### Supplied material
-.-.-
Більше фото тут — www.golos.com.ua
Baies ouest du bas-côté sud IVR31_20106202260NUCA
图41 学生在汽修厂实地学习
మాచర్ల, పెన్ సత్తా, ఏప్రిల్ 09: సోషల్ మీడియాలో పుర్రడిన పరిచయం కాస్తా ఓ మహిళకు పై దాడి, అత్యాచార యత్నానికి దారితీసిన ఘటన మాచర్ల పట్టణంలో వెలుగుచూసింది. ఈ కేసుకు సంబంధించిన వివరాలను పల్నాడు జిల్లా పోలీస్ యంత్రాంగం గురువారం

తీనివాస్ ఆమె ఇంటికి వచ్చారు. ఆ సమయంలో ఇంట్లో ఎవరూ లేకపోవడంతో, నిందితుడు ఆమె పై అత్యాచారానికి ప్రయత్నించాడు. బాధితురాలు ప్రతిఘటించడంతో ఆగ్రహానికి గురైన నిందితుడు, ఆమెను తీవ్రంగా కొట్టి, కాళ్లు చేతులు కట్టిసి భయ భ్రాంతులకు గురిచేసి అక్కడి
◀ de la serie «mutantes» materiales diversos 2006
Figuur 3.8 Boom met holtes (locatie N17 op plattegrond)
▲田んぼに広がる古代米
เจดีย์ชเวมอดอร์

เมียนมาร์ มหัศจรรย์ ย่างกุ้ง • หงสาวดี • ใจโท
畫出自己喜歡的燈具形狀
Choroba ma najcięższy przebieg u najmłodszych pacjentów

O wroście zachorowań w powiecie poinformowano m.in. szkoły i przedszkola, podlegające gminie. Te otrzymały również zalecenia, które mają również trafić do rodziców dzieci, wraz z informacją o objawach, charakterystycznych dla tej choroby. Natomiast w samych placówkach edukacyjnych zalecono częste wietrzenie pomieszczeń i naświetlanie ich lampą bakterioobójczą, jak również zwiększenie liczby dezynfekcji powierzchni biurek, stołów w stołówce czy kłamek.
-.-.-
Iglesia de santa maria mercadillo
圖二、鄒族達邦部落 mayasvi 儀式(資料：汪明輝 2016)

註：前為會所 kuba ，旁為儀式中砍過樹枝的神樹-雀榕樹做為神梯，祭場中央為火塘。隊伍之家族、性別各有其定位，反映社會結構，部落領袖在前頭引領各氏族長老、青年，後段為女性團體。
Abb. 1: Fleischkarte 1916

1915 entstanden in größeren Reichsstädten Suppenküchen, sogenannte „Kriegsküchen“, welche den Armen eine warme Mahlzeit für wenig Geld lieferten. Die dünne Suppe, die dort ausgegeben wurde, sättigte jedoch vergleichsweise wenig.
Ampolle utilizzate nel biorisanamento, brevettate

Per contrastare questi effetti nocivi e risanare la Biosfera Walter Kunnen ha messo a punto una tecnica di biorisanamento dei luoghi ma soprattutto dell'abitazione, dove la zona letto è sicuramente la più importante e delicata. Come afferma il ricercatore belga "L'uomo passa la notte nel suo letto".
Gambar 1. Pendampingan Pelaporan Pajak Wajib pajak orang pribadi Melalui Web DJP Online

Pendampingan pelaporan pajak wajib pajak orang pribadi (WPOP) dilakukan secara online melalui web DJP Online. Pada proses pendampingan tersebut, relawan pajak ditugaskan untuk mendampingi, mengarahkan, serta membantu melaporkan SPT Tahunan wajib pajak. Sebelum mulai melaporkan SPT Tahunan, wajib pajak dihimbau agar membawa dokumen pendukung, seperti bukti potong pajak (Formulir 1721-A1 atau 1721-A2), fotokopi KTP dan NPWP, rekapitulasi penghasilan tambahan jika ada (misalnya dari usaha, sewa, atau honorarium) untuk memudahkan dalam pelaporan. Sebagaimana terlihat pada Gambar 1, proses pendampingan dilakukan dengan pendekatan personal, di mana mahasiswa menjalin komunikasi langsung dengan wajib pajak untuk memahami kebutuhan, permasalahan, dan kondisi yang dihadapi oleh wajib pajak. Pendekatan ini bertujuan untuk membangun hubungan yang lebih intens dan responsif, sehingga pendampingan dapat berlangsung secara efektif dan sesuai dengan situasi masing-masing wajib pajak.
-.-.-
### Work instructions
Each line that contains "pribadi" is to be copied from the listing above.

### Problem solution
Gambar 1. Pendampingan Pelaporan Pajak Wajib pajak orang pribadi Melalui Web DJP Online
Pendampingan pelaporan pajak wajib pajak orang pribadi (WPOP) dilakukan secara online melalui web DJP Online. Pada proses pendampingan tersebut, relawan pajak ditugaskan untuk mendampingi, mengarahkan, serta membantu melaporkan SPT Tahunan wajib pajak. Sebelum mulai melaporkan SPT Tahunan, wajib pajak dihimbau agar membawa dokumen pendukung, seperti bukti potong pajak (Formulir 1721-A1 atau 1721-A2), fotokopi KTP dan NPWP, rekapitulasi penghasilan tambahan jika ada (misalnya dari usaha, sewa, atau honorarium) untuk memudahkan dalam pelaporan. Sebagaimana terlihat pada Gambar 1, proses pendampingan dilakukan dengan pendekatan personal, di mana mahasiswa menjalin komunikasi langsung dengan wajib pajak untuk memahami kebutuhan, permasalahan, dan kondisi yang dihadapi oleh wajib pajak. Pendekatan ini bertujuan untuk membangun hubungan yang lebih intens dan responsif, sehingga pendampingan dapat berlangsung secara efektif dan sesuai dengan situasi masing-masing wajib pajak.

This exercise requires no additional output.